** TASK ITEM **
Each line below must be transcribed with no word changed.

(Dataset entries)
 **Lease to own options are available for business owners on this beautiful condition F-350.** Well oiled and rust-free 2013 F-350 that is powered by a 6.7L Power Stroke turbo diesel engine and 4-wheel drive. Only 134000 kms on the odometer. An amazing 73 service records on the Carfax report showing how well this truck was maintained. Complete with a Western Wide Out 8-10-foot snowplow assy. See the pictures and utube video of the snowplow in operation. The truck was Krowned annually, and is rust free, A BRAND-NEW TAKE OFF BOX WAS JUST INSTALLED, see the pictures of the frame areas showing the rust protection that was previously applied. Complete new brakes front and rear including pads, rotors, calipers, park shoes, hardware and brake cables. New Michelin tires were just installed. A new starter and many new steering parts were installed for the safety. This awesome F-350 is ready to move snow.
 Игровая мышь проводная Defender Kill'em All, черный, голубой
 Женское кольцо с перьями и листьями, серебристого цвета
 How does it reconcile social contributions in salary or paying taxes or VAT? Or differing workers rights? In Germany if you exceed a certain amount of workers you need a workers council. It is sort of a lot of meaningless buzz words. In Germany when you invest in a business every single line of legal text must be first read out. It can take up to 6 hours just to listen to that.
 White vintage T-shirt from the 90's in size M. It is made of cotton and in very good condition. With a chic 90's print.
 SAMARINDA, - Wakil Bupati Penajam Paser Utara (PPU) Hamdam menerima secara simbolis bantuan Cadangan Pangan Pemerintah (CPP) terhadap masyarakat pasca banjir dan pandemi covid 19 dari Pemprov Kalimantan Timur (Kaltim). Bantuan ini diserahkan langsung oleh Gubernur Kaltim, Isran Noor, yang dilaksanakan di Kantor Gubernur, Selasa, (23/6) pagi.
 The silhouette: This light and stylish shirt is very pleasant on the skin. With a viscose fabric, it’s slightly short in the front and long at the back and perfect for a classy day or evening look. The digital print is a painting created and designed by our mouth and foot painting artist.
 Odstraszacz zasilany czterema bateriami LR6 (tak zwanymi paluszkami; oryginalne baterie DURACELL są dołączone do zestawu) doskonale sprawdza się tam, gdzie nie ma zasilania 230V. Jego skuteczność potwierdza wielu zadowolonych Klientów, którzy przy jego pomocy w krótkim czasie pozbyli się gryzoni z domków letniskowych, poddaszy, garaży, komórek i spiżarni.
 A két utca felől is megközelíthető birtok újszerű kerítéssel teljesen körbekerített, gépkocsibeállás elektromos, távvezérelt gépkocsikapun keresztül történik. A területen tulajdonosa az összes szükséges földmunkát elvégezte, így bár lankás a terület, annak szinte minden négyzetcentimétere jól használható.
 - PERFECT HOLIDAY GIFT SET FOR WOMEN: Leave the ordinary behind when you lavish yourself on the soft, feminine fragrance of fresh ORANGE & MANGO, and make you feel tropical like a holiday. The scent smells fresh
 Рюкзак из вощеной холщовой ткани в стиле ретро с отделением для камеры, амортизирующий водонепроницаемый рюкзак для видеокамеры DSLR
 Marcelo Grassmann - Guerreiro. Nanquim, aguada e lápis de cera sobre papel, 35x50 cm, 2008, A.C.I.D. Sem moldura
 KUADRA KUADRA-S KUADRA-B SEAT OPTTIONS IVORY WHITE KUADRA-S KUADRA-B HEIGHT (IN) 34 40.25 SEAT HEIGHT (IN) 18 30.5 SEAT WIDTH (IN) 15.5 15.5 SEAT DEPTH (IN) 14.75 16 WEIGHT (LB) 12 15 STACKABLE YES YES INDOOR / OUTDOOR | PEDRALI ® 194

** TASK RESULT **
 **Lease to own options are available for business owners on this beautiful condition F-350.** Well oiled and rust-free 2013 F-350 that is powered by a 6.7L Power Stroke turbo diesel engine and 4-wheel drive. Only 134000 kms on the odometer. An amazing 73 service records on the Carfax report showing how well this truck was maintained. Complete with a Western Wide Out 8-10-foot snowplow assy. See the pictures and utube video of the snowplow in operation. The truck was Krowned annually, and is rust free, A BRAND-NEW TAKE OFF BOX WAS JUST INSTALLED, see the pictures of the frame areas showing the rust protection that was previously applied. Complete new brakes front and rear including pads, rotors, calipers, park shoes, hardware and brake cables. New Michelin tires were just installed. A new starter and many new steering parts were installed for the safety. This awesome F-350 is ready to move snow.
 Игровая мышь проводная Defender Kill'em All, черный, голубой
 Женское кольцо с перьями и листьями, серебристого цвета
 How does it reconcile social contributions in salary or paying taxes or VAT? Or differing workers rights? In Germany if you exceed a certain amount of workers you need a workers council. It is sort of a lot of meaningless buzz words. In Germany when you invest in a business every single line of legal text must be first read out. It can take up to 6 hours just to listen to that.
 White vintage T-shirt from the 90's in size M. It is made of cotton and in very good condition. With a chic 90's print.
 SAMARINDA, - Wakil Bupati Penajam Paser Utara (PPU) Hamdam menerima secara simbolis bantuan Cadangan Pangan Pemerintah (CPP) terhadap masyarakat pasca banjir dan pandemi covid 19 dari Pemprov Kalimantan Timur (Kaltim). Bantuan ini diserahkan langsung oleh Gubernur Kaltim, Isran Noor, yang dilaksanakan di Kantor Gubernur, Selasa, (23/6) pagi.
 The silhouette: This light and stylish shirt is very pleasant on the skin. With a viscose fabric, it’s slightly short in the front and long at the back and perfect for a classy day or evening look. The digital print is a painting created and designed by our mouth and foot painting artist.
 Odstraszacz zasilany czterema bateriami LR6 (tak zwanymi paluszkami; oryginalne baterie DURACELL są dołączone do zestawu) doskonale sprawdza się tam, gdzie nie ma zasilania 230V. Jego skuteczność potwierdza wielu zadowolonych Klientów, którzy przy jego pomocy w krótkim czasie pozbyli się gryzoni z domków letniskowych, poddaszy, garaży, komórek i spiżarni.
 A két utca felől is megközelíthető birtok újszerű kerítéssel teljesen körbekerített, gépkocsibeállás elektromos, távvezérelt gépkocsikapun keresztül történik. A területen tulajdonosa az összes szükséges földmunkát elvégezte, így bár lankás a terület, annak szinte minden négyzetcentimétere jól használható.
 - PERFECT HOLIDAY GIFT SET FOR WOMEN: Leave the ordinary behind when you lavish yourself on the soft, feminine fragrance of fresh ORANGE & MANGO, and make you feel tropical like a holiday. The scent smells fresh
 Рюкзак из вощеной холщовой ткани в стиле ретро с отделением для камеры, амортизирующий водонепроницаемый рюкзак для видеокамеры DSLR
 Marcelo Grassmann - Guerreiro. Nanquim, aguada e lápis de cera sobre papel, 35x50 cm, 2008, A.C.I.D. Sem moldura
 KUADRA KUADRA-S KUADRA-B SEAT OPTTIONS IVORY WHITE KUADRA-S KUADRA-B HEIGHT (IN) 34 40.25 SEAT HEIGHT (IN) 18 30.5 SEAT WIDTH (IN) 15.5 15.5 SEAT DEPTH (IN) 14.75 16 WEIGHT (LB) 12 15 STACKABLE YES YES INDOOR / OUTDOOR | PEDRALI ® 194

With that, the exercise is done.